Morals must not be lost in the fog of war

Last week, the US Department of Justice released a report on the legal framework that had governed the United States’ subsequent treatment of prisoners in the post-911 world. The US Government had hired lawyers to craft some justification for ‘enhanced interrogation techniques’ of captured suspects, and said lawyers had performed their jobs with no small degree of legal creativity. 

Thursday, March 04, 2010

Last week, the US Department of Justice released a report on the legal framework that had governed the United States’ subsequent treatment of prisoners in the post-911 world. The US Government had hired lawyers to craft some justification for ‘enhanced interrogation techniques’ of captured suspects, and said lawyers had performed their jobs with no small degree of legal creativity.  The report was critical of the lawyers in question and their attempts at legal obfuscation.

The issue went to the one of the core dilemmas in the United States debate over torture: should the United States make its moral standing an important part of its decision-making process?

Many opponents of torture argued that engaging in such activities put the United States on the same moral plane as their enemies who seek to destroy them.

They argue that going down the torture path would irrevocably corrupt the soul of the nation. This is a somewhat melodramatic but essentially accurate depiction of their position.

Proponents of the status-quo argue that the ethic core of the nation has to give way to national security concerns. ‘We are at war so the rules of the game have changed’ they argue.

They see dwelling on morals and ethics as weak and unrealistic in times of war- in this case the war on terrorism. Of course the fact that this could be a perpetual war is a complication they are unwilling to face. If war is never-ending, then the moral compromises therein are never-ending too.

Another intriguing report caught my attention last week- this time not a government document but an academic paper.

The paper looked at Countries who had signed the International Convention on Torture and looked at whether signing and ratifying the convention had an effect on the Countries’ actual stance on torture and overall human rights record. They discovered that the opposite was true.

Governments which were notorious human rights abusers signed the convention with the full intention of ignoring them. The point of doing so was to put on a show of strength for opponents.

The twisted but sly logic behind this was to send a message that the Government in question could afford to risk the wrath of public opinion to carry on business as usual. Signing a convention against torture, perversely, becomes an interest to entrench torture.
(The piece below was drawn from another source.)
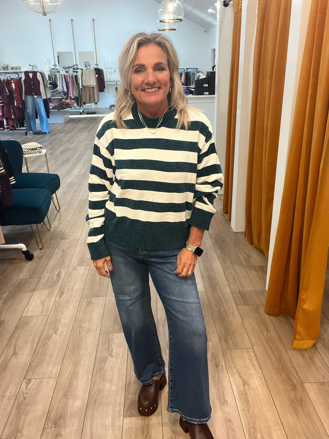 Designed with broad horizontal stripes and a cozy ribbed neckline, this piece offers exceptional comfort and a modern silhouette. The long sleeves end in ribbed cuffs, accenting the relaxed fit that makes it perfect for layering over collared shirts or under jackets. Ideal for weekend getaways or casual office days, this sweater pairs seamlessly with denim or tailored trousers, unlocking endless style possibilities.

Both items interested me because they go to the heart of one of the main dilemmas of international relations: Does a nation have a moral character that it should project?

It is not just the Americans who are worried about the moral core of their Nation of course. Most Countries to different degrees face this issue, but it is a complex one.

The Countries who signed the Torture convention as a way to entrench unethical and violent governance assume that moral concerns must inevitably give way to the ruthless nature of totalitarian government. They assume that projecting an ethical centre is a luxury or at best completely irrelevant to governance.

They might even argue that a Country is an amoral entity in much the same way that a corporation is, so talk of a ‘moral nation’ is a tricky affair.

This would be untenable because obviously a Government affects its citizens in many more ways than a corporation could ever dream of- for example they have the power to punish its’ citizens with the full force of the law.

Ultimately a nation does have a moral core in much the same way a person does. This moral core is an aggregation of the actions of both public and private actors. After all, it is not just Governments and public institutions that project the moral centre of a nation: the citizens as a bloc do the same thing, in both a cultural and a day-to-day framework.

In that sense, I think the Americans who are anti-torture have something in their favour: they recognize that a Country does have an ethical core.

Morality is never a luxury or an irrelevance. More importantly, they realize that this must be defended even in times of strife.